* [TRY IT]
Lines before the one containing "こんなのが突然部屋に現れたら、 かなり恐いと思います(笑)。 |" are not wanted; restate the rest below word for word, through the last line, but drop any pictures.

* [RECORDED DATA]
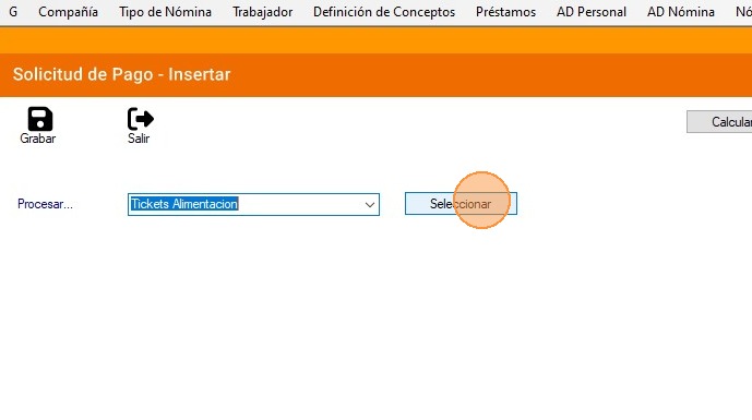 43. En la lista Procesar selecciona "Tickets Alimentación" y presiona "Seleccionar"
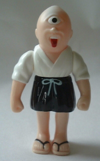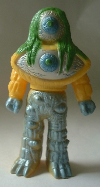 | メダマン 全長約11センチ。 目玉のお化け。 目目連(もくもくれん)、百目、 手の目、百々目鬼(とどめき)など、 目玉に関係する妖怪はたくさんいますが、 おそらく、 その仲間であろうと思われます。 放送当時、 或るクラスメイトが 「メダマンなんて、 お化けのくせに全然恐くないがや」 って言っていたのを憶えてますが、 実際に、 こんなのが突然部屋に現れたら、 かなり恐いと思います(笑)。 |
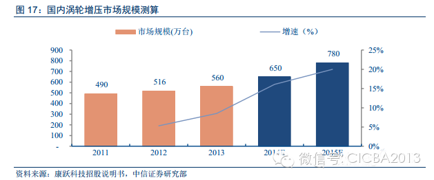 國內渦(wo)輪增壓器(qi)(qi)配(pei)置(zhi)率將持(chi)續提升,尤(you)其是汽(qi)油機渦(wo)輪增壓器(qi)(qi)配(pei)置(zhi)率提升空間巨大。面對與日俱增的環保和能源壓力,內燃機節能減排是(shi)大勢所趨。渦輪增壓是(shi)內燃機節能減排的有(you)效手段,其中汽油機節油效果5-10%,柴油機節(jie)油效果(guo)10-20%左右(you)。2012年我國內(nei)燃機渦輪(lun)增壓器綜合配(pei)置率為6.7%;其中車用柴油(you)機(ji)配(pei)置率(lv)為(wei)62%,未來的增長點主要來自于輕卡裝配(pei)率(lv)提升;而車用汽油機配(pei)置(zhi)率(lv)僅5%左(zuo)右,未來提升空間(jian)巨(ju)大。
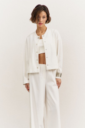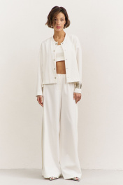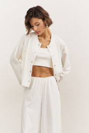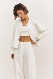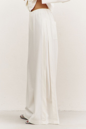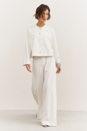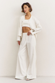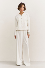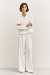 Комплект (джемпер+брюки). Джемпер свободного кроя: • спущенная линия плеча • по горловине стойка • застежка на кнопки • рукава втачные, длинные Брюки свободного кроя: • цельнокроеный пояс с резинкой • имитация гульфика • по спинке накладные карманы • в боковых швах декоративный клин, расширенный к низу

* [RESULT]
 | メダマン 全長約11センチ。 目玉のお化け。 目目連(もくもくれん)、百目、 手の目、百々目鬼(とどめき)など、 目玉に関係する妖怪はたくさんいますが、 おそらく、 その仲間であろうと思われます。 放送当時、 或るクラスメイトが 「メダマンなんて、 お化けのくせに全然恐くないがや」 って言っていたのを憶えてますが、 実際に、 こんなのが突然部屋に現れたら、 かなり恐いと思います(笑)。 |
 國內渦(wo)輪增壓器(qi)(qi)配(pei)置(zhi)率將持(chi)續提升,尤(you)其是汽(qi)油機渦(wo)輪增壓器(qi)(qi)配(pei)置(zhi)率提升空間巨大。面對與日俱增的環保和能源壓力,內燃機節能減排是(shi)大勢所趨。渦輪增壓是(shi)內燃機節能減排的有(you)效手段,其中汽油機節油效果5-10%,柴油機節(jie)油效果(guo)10-20%左右(you)。2012年我國內(nei)燃機渦輪(lun)增壓器綜合配(pei)置率為6.7%;其中車用柴油(you)機(ji)配(pei)置率(lv)為(wei)62%,未來的增長點主要來自于輕卡裝配(pei)率(lv)提升;而車用汽油機配(pei)置(zhi)率(lv)僅5%左(zuo)右,未來提升空間(jian)巨(ju)大。
 Комплект (джемпер+брюки). Джемпер свободного кроя: • спущенная линия плеча • по горловине стойка • застежка на кнопки • рукава втачные, длинные Брюки свободного кроя: • цельнокроеный пояс с резинкой • имитация гульфика • по спинке накладные карманы • в боковых швах декоративный клин, расширенный к низу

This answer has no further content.